We employ the percentage improvement in mean square error over a climatological forecast (MSEClim) as our skill score measure. The climatologies used here are a rolling prior 10-year climatology for the replicated real-time forecast period 1988-2002, a fixed 51-year climatology 1952-2002 for the cross-validated hindcast period 1952-2002 and a fixed 53-year climatology 1950-2002 for the cross-validated hindcast period 1950-2002. MSEClim is the standard skill metric recommended by the World Meteorological Organisation for verification of deterministic seasonal forecasts [WMO, 2002]. MSEClim is a robust skill measure which is immune to the bias problems associated with the correlation and percent age of variance skill measures. Positive skill indicates the model does better than a climatology forecast, while negative skill indicates that it does worse than climatology.

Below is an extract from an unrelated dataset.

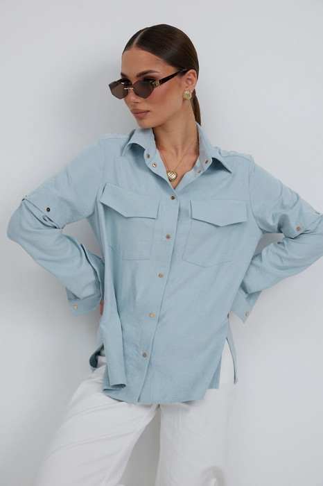 Блузка из плательно - блузочной ткани свободного силуэта. Спинка с кокеткой и встречной складкой. По переду центральная застежка на кнопки, сверху накладные карманы с клапанами. Втачной рукав с отстегивающейся нижней частью. По низу рукава манжет с кнопкой. Воротник рубашечный со стойкой.

We compute the statistical significance of the MSEClim skill using the bootstrap method [Efron, 1979; also see Efron and Gong, 1983]. The bootstrap tests the hypothesis that the model forecasts are more skilful than those from climatology to a given level of significance. We apply the bootstrap by randomly selecting (with replacement) 15 (1988-2002), 51 (1952-2002) or 53 (1950-2002) actual values together with their associated predicted and climatology forecast values to provide a fresh set of hindcasts for which the MSEClim skill measure can be calculated. This process is repeated 2,000 times and the results histogrammed to give the required skill score. Provided the original data are independent (in distribution and in order), the distribution of these recalculated values maps the uncertainty in the forecast skill about the original value over a 15-year or 51(53)-year period. 95% two-tailed confidence intervals for this uncertainty are then readily obtained. Where the lower boundary of this 95% confidence interval has an MSEClim skill value greater than 0% the model forecast has skill better than climatology to 97.5% confidence.
- Efron, B., Bootstrap methods: another look at the jackknife,
The Annals of Statistics, 7, 1-26, 1979.
- Efron, B. and G.Gong, A leisurely look at the bootstrap, the jackknife, and
cross-validation, The American Statistician, 37,
- WMO, Standardised Verification System (SVS) for Long-Range Forecasts (LRF)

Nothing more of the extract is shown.